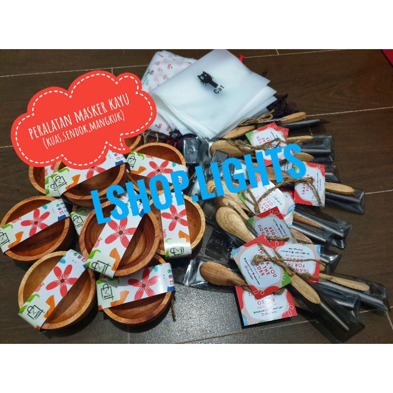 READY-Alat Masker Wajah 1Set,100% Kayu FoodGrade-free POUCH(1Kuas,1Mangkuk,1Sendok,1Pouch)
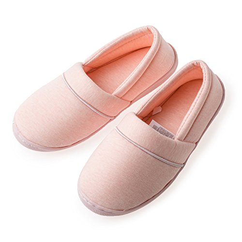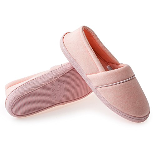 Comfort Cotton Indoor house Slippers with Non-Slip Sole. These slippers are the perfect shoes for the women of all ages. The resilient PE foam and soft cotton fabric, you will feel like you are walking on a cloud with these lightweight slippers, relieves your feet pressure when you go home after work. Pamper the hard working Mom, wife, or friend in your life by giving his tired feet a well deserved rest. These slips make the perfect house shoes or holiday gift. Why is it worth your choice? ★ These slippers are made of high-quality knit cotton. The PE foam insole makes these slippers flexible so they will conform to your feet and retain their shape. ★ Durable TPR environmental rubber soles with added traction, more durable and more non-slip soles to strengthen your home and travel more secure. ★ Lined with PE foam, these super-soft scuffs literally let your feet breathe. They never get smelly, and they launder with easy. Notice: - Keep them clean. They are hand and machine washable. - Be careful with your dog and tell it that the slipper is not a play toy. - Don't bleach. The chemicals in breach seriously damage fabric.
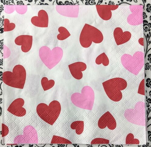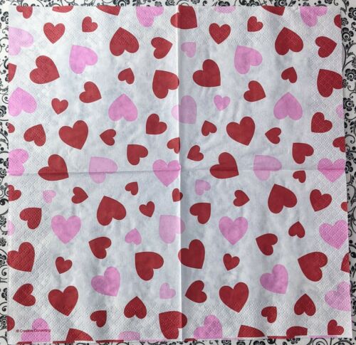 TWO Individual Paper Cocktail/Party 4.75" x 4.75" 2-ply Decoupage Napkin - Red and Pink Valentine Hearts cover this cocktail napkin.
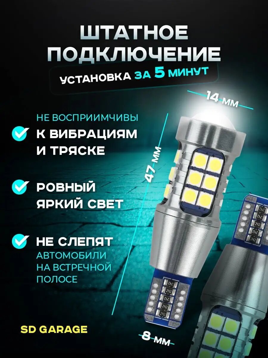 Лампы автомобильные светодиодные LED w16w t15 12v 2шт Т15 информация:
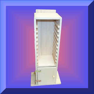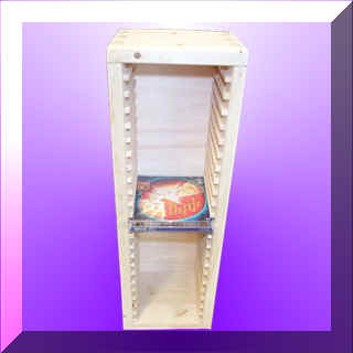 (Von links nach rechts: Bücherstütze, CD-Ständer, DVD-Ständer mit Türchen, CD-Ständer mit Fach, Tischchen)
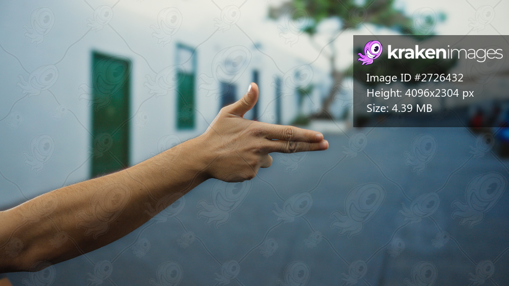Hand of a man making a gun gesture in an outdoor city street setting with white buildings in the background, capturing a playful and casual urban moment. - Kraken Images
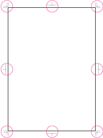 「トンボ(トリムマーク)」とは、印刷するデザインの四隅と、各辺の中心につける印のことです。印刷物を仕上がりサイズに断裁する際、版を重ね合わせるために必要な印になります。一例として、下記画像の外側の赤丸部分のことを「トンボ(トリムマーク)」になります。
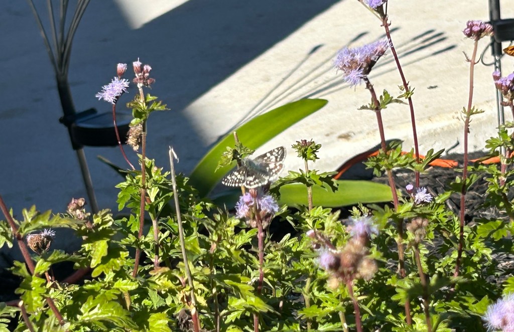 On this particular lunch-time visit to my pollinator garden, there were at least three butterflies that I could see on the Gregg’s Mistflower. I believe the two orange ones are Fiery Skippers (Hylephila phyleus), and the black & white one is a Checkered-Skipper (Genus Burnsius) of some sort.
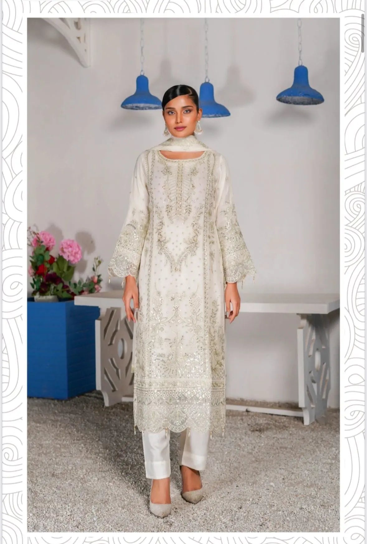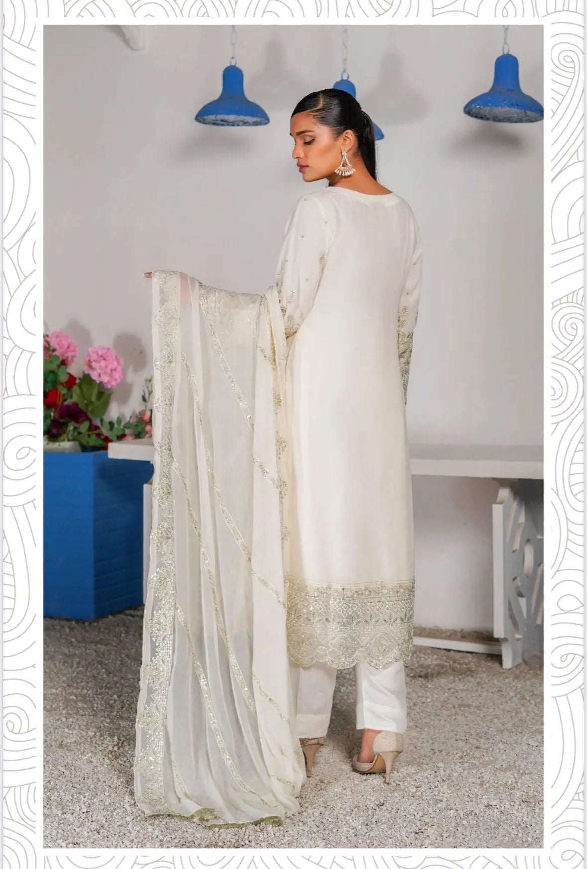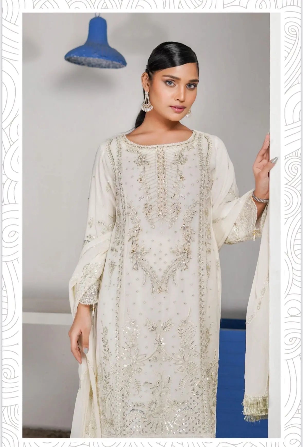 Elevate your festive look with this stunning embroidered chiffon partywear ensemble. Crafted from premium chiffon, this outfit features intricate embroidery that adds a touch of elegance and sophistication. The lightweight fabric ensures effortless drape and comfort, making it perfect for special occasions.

#####

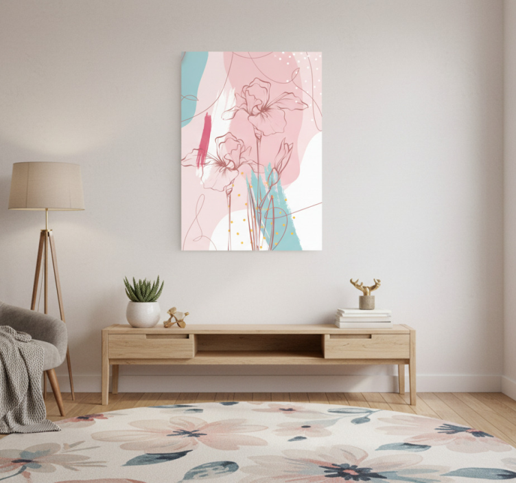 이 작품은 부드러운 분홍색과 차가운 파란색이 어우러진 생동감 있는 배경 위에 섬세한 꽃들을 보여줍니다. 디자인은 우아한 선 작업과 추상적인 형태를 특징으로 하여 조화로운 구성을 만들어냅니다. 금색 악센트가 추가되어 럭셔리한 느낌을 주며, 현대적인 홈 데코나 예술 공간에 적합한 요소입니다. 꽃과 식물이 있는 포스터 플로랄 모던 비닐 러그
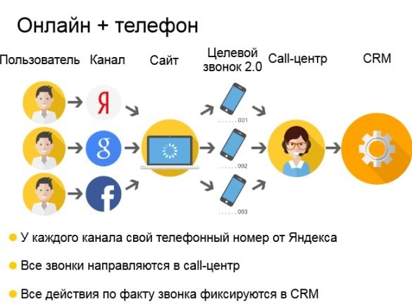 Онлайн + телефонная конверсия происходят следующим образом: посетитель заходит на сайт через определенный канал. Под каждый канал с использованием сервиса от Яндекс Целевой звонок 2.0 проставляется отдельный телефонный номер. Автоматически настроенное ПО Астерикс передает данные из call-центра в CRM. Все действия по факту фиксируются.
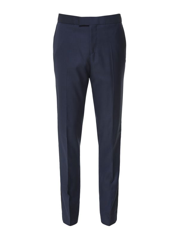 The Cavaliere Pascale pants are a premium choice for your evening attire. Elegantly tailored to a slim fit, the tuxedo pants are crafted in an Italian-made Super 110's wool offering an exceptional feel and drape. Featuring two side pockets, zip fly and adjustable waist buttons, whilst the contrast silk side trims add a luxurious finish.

#####

→ TO DO
Word for word, restate the lines above from the one with "이 작품은 부드러운 분홍색과" through the one with "The Cavaliere Pascale", keeping both ends and dropping the pictures.

→ TASK OUTPUT
 이 작품은 부드러운 분홍색과 차가운 파란색이 어우러진 생동감 있는 배경 위에 섬세한 꽃들을 보여줍니다. 디자인은 우아한 선 작업과 추상적인 형태를 특징으로 하여 조화로운 구성을 만들어냅니다. 금색 악센트가 추가되어 럭셔리한 느낌을 주며, 현대적인 홈 데코나 예술 공간에 적합한 요소입니다. 꽃과 식물이 있는 포스터 플로랄 모던 비닐 러그
 Онлайн + телефонная конверсия происходят следующим образом: посетитель заходит на сайт через определенный канал. Под каждый канал с использованием сервиса от Яндекс Целевой звонок 2.0 проставляется отдельный телефонный номер. Автоматически настроенное ПО Астерикс передает данные из call-центра в CRM. Все действия по факту фиксируются.
 The Cavaliere Pascale pants are a premium choice for your evening attire. Elegantly tailored to a slim fit, the tuxedo pants are crafted in an Italian-made Super 110's wool offering an exceptional feel and drape. Featuring two side pockets, zip fly and adjustable waist buttons, whilst the contrast silk side trims add a luxurious finish.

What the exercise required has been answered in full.